-- Data section --
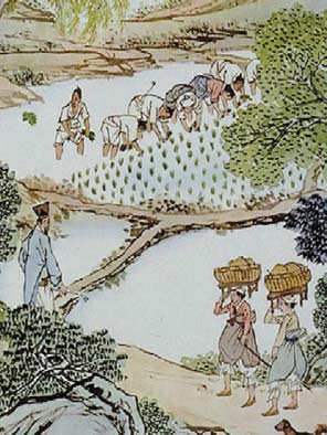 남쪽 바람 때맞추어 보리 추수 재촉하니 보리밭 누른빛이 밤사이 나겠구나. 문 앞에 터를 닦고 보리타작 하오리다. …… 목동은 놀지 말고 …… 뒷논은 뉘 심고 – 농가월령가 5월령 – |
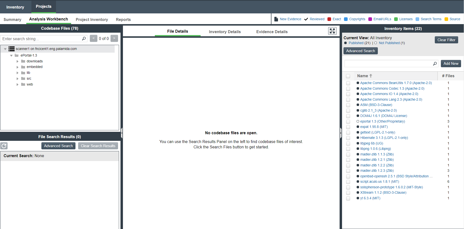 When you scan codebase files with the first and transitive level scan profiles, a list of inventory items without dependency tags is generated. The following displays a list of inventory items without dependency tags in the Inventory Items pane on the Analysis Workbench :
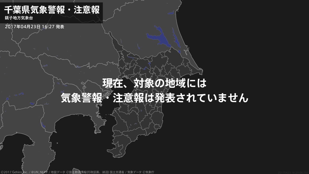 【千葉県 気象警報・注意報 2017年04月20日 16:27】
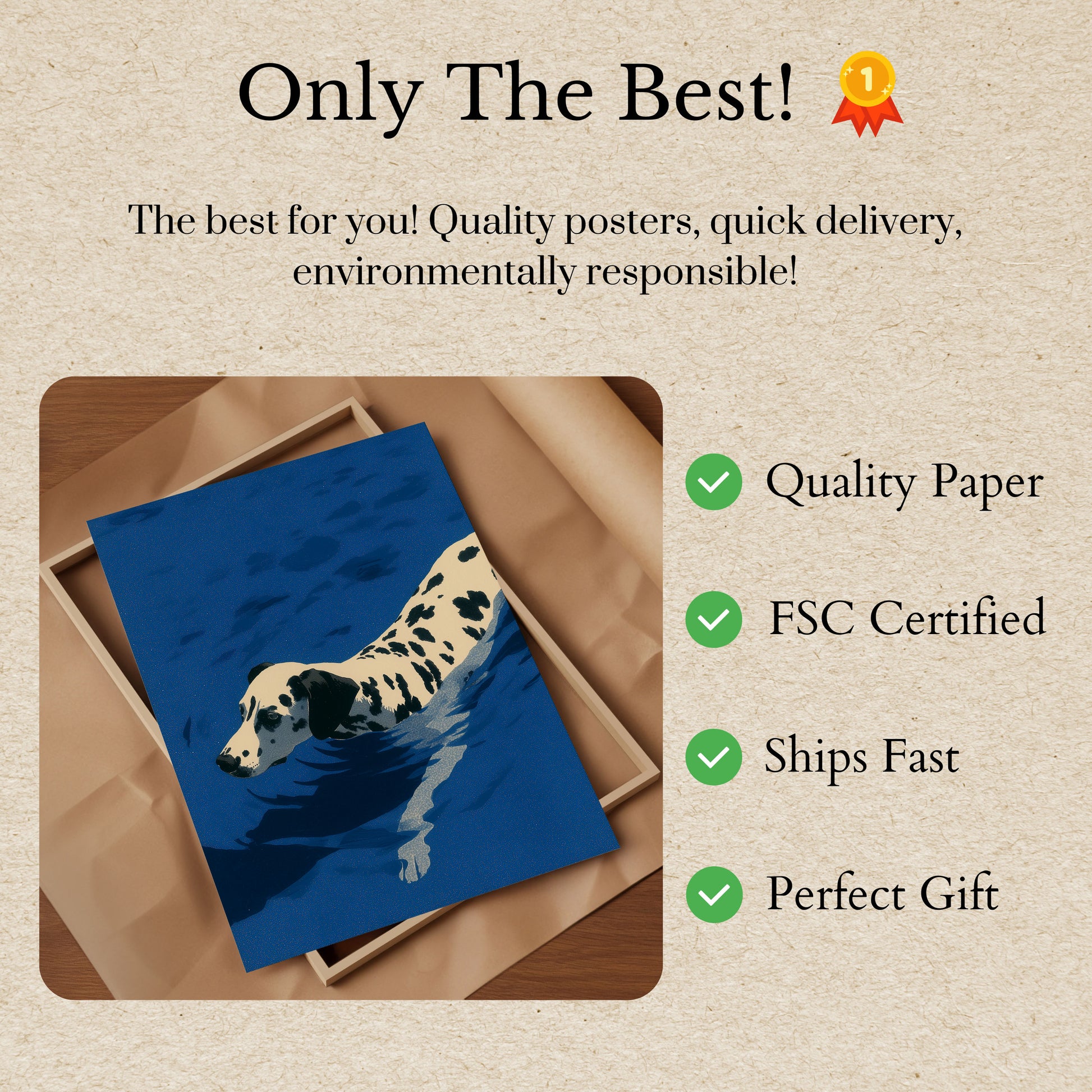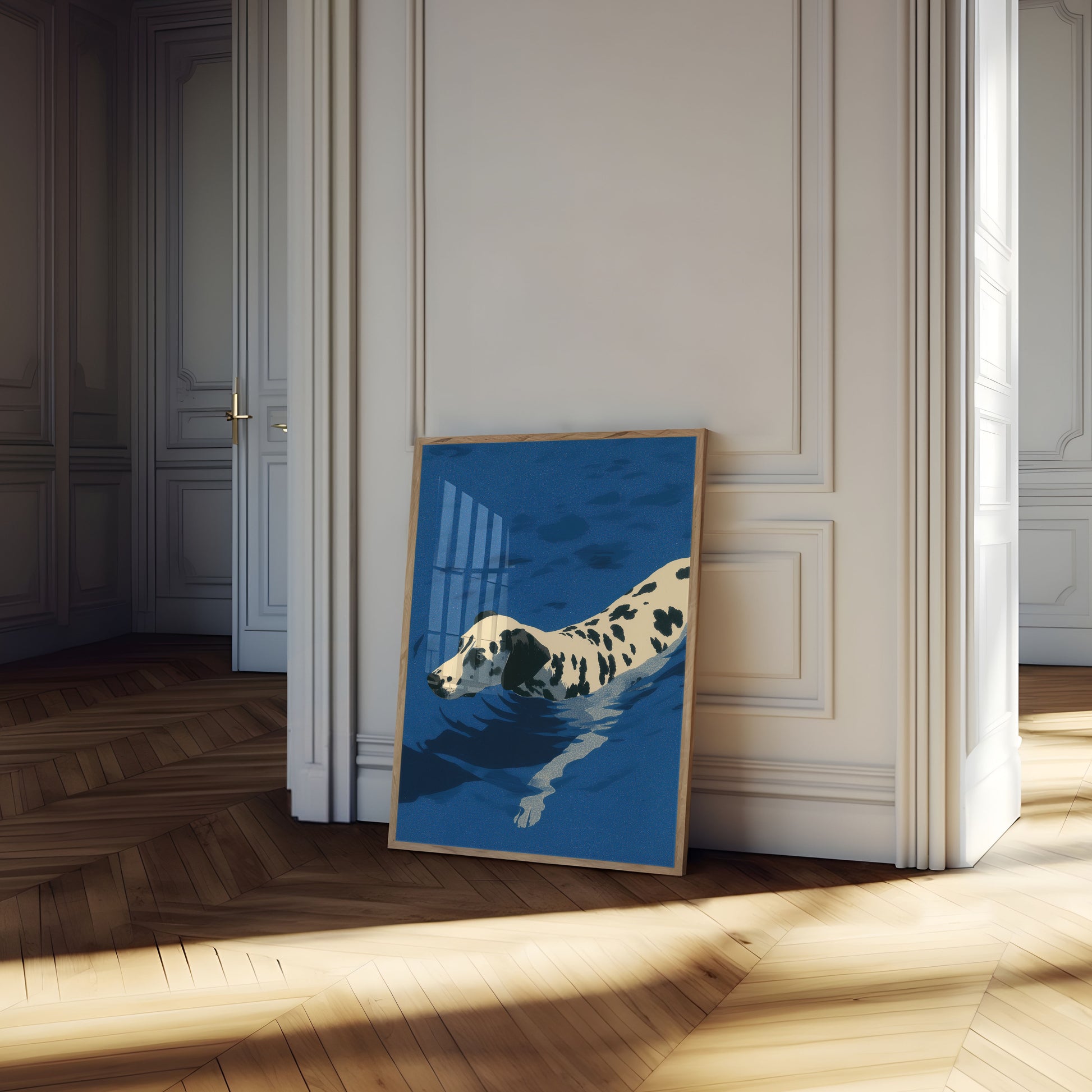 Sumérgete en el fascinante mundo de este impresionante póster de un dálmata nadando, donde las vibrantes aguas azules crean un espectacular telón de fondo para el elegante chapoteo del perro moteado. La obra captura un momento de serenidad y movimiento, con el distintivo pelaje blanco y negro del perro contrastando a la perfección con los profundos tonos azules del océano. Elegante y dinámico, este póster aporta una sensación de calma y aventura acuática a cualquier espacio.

-- About this task --
Your output should be the lines above from the one that contains "When you scan" through the one that contains "気象警報・注意報 2017年04月20日 16:27】", word for word, with pictures left out.

-- Written answer --
 When you scan codebase files with the first and transitive level scan profiles, a list of inventory items without dependency tags is generated. The following displays a list of inventory items without dependency tags in the Inventory Items pane on the Analysis Workbench :
 【千葉県 気象警報・注意報 2017年04月20日 16:27】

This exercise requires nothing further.